Scientific research also benefits from LLM agents, as demonstrated in “Measuring Scientific Capabilities of Language Models with a Systems Biology Dry Lab”. This paper assesses the ability of language models to perform scientific tasks in a systems biology context, showcasing their potential in accelerating research and discovery. The ethical considerations of LLM agents are addressed in “Evaluating LLM Agent Collusion in Double Auctions”, which examines the possibility of collusion in auction scenarios, emphasizing the need for careful design and monitoring of LLM agents.

In the realm of manufacturing, “AI Agents and Agentic AI-Navigating a Plethora of Concepts for Future Manufacturing” provides an overview of how AI agents can revolutionize the industry, enhancing efficiency and automation. The application of LLM agents in biomedical research is explored in “STELLA: Self-Evolving LLM Agent for Biomedical Research”, which introduces an agent designed to assist researchers in this domain.

Safety is a paramount concern, and “Enhancing LLM Agent Safety via Causal Influence Prompting” presents a method for improving the safety of LLM agents using causal influence prompting. This technique helps in mitigating unintended consequences and ensuring that agents act responsibly. The integration of LLM agents in urban environments is discussed in “Large Language Model Powered Intelligent Urban Agents: Concepts, Capabilities, and Applications”, highlighting their potential in various urban applications.

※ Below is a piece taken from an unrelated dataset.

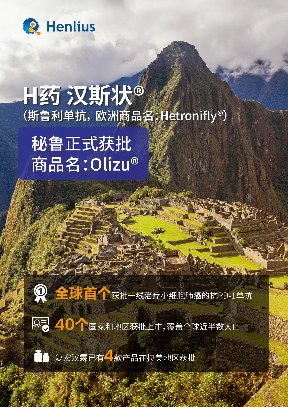 尊龙网址登录官网(2696.HK)宣布,公司自主研发的抗PD-1单抗 H药 汉斯状®(斯鲁利单抗,欧洲商品名:Hetronifly®)正式获得秘鲁药监局(Dirección General de Medicamentos, Insumos y Drogas, “DIGEMID”)批准上市,用于广泛期小细胞肺癌(ES-SCLC)的一线治疗。此次获批标志着H药成为拉美地区首个且唯一获批该适应症的抗PD-1单抗。H药在秘鲁的本地商业化由合作伙伴Abbott负责,商品名为Olizu®。

The social behavior of LLM agents is examined in “Generative Exaggeration in LLM Social Agents: Consistency, Bias, and Toxicity”, which investigates the tendency of these agents to exaggerate and exhibit biases, emphasizing the importance of addressing these issues. Automation of thematic analysis is explored in “Auto-TA: Towards Scalable Automated Thematic Analysis (TA) via Multi-Agent Large Language Models with Reinforcement Learning”, demonstrating how LLM agents can streamline qualitative research processes.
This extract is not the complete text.